* TASK DETAILS *
There is one span to output from the data below: the lines starting at the line with "Cotton vintage colorful" and ending at the line with "Serie hexagon tegels". Output it exactly, ends included, nothing more.

** DATA TO PROCESS follows **

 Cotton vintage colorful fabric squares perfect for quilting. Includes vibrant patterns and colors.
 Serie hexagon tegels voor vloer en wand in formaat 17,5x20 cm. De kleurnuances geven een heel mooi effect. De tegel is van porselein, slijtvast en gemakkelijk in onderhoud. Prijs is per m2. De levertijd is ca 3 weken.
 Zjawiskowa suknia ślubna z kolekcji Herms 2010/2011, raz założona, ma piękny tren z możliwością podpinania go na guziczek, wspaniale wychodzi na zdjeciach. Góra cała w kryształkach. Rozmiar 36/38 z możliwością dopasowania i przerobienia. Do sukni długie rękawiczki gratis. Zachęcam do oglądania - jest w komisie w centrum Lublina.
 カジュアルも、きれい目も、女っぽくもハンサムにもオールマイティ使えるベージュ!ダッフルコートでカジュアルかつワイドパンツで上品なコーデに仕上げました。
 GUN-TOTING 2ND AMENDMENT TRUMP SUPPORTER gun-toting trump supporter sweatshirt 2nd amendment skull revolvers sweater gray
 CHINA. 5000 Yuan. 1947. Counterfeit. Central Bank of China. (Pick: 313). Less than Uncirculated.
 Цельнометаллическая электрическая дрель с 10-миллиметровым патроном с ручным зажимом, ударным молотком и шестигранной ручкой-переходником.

** End of DATA TO PROCESS **
** DATA TO PROCESS follows **

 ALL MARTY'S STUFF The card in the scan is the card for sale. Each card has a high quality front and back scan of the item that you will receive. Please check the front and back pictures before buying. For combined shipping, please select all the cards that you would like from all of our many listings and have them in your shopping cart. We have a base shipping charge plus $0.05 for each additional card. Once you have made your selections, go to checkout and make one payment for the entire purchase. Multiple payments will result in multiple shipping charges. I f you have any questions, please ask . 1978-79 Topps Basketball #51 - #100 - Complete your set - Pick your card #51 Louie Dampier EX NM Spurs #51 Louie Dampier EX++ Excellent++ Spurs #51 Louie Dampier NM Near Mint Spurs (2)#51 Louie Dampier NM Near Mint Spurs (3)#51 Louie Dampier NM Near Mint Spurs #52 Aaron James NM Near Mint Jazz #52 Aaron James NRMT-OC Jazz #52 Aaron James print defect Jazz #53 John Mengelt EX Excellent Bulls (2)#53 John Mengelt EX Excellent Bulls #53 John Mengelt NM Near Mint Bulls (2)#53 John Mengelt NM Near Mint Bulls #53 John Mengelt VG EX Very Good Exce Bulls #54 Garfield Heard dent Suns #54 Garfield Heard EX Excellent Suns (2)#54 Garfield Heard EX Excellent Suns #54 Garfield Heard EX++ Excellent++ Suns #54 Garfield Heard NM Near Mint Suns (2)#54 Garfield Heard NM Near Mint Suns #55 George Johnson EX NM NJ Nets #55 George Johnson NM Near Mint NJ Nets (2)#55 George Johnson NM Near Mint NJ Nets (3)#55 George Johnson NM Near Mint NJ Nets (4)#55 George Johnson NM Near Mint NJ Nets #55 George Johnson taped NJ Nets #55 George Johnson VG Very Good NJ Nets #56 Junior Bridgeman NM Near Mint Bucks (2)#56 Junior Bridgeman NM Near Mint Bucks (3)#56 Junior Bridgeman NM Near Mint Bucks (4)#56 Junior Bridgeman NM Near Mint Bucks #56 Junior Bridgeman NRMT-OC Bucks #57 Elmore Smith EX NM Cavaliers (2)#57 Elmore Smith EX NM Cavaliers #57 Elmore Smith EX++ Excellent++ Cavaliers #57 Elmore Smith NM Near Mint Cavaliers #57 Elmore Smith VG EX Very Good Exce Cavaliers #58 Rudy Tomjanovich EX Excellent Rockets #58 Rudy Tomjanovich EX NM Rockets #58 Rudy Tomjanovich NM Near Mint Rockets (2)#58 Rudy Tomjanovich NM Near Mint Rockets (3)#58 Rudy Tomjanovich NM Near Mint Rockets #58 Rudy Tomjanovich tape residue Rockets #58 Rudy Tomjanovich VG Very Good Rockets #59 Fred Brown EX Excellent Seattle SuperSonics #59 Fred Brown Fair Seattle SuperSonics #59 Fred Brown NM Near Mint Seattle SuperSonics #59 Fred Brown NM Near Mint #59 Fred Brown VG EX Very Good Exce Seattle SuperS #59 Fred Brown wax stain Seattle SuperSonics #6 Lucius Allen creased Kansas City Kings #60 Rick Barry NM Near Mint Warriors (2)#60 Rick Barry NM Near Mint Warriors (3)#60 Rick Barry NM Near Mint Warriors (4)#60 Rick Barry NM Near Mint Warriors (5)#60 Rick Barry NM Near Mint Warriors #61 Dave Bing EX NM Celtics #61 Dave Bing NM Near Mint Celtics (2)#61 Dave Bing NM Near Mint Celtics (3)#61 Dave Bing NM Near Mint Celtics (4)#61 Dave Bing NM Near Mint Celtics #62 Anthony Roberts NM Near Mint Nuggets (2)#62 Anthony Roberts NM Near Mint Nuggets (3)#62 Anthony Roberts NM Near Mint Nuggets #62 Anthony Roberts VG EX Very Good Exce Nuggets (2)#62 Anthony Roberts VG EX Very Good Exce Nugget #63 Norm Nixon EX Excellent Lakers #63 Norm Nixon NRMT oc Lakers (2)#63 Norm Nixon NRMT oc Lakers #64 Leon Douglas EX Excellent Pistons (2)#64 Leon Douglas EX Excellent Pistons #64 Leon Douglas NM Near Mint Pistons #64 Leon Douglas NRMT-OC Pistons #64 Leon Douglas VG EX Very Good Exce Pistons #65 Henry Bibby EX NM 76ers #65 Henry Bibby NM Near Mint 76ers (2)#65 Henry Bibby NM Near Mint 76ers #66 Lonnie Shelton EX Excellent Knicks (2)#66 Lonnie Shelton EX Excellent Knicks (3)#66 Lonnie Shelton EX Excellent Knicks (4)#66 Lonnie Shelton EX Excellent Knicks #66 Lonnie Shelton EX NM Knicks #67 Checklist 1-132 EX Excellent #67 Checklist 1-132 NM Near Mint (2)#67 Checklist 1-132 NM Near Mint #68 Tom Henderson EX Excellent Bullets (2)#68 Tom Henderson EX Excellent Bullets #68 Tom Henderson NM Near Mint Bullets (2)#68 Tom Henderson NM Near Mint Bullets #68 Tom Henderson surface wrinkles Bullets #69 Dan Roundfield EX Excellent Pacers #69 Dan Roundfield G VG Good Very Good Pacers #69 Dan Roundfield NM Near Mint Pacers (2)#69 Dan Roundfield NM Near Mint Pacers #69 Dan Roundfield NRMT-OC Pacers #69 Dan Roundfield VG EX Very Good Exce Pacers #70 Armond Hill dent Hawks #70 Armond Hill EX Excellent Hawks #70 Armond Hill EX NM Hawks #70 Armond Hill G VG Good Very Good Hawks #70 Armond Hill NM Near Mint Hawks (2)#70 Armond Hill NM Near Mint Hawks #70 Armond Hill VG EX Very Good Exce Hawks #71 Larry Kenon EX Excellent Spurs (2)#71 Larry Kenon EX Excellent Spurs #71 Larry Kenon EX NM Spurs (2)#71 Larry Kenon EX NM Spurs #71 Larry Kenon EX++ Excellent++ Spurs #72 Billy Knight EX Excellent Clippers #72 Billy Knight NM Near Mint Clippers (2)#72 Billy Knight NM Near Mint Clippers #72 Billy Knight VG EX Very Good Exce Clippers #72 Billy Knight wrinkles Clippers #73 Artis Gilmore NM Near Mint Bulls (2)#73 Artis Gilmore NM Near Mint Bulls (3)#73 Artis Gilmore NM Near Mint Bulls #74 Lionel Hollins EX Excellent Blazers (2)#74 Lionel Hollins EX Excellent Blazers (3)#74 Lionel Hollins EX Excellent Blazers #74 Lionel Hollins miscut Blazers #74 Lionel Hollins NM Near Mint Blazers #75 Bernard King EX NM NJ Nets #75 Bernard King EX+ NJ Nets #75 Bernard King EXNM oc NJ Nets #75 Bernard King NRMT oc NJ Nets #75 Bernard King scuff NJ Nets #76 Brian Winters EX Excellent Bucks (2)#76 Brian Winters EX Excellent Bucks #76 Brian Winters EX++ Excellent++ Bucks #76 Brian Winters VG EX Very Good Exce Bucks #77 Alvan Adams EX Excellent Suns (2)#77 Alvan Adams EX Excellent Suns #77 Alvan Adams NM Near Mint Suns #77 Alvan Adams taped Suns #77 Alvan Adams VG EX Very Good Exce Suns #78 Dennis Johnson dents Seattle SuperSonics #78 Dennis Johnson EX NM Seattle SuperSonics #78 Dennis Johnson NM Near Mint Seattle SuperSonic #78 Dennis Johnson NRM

** End of DATA TO PROCESS **

* ANSWER TO THIS EXERCISE *
 Cotton vintage colorful fabric squares perfect for quilting. Includes vibrant patterns and colors.
 Serie hexagon tegels voor vloer en wand in formaat 17,5x20 cm. De kleurnuances geven een heel mooi effect. De tegel is van porselein, slijtvast en gemakkelijk in onderhoud. Prijs is per m2. De levertijd is ca 3 weken.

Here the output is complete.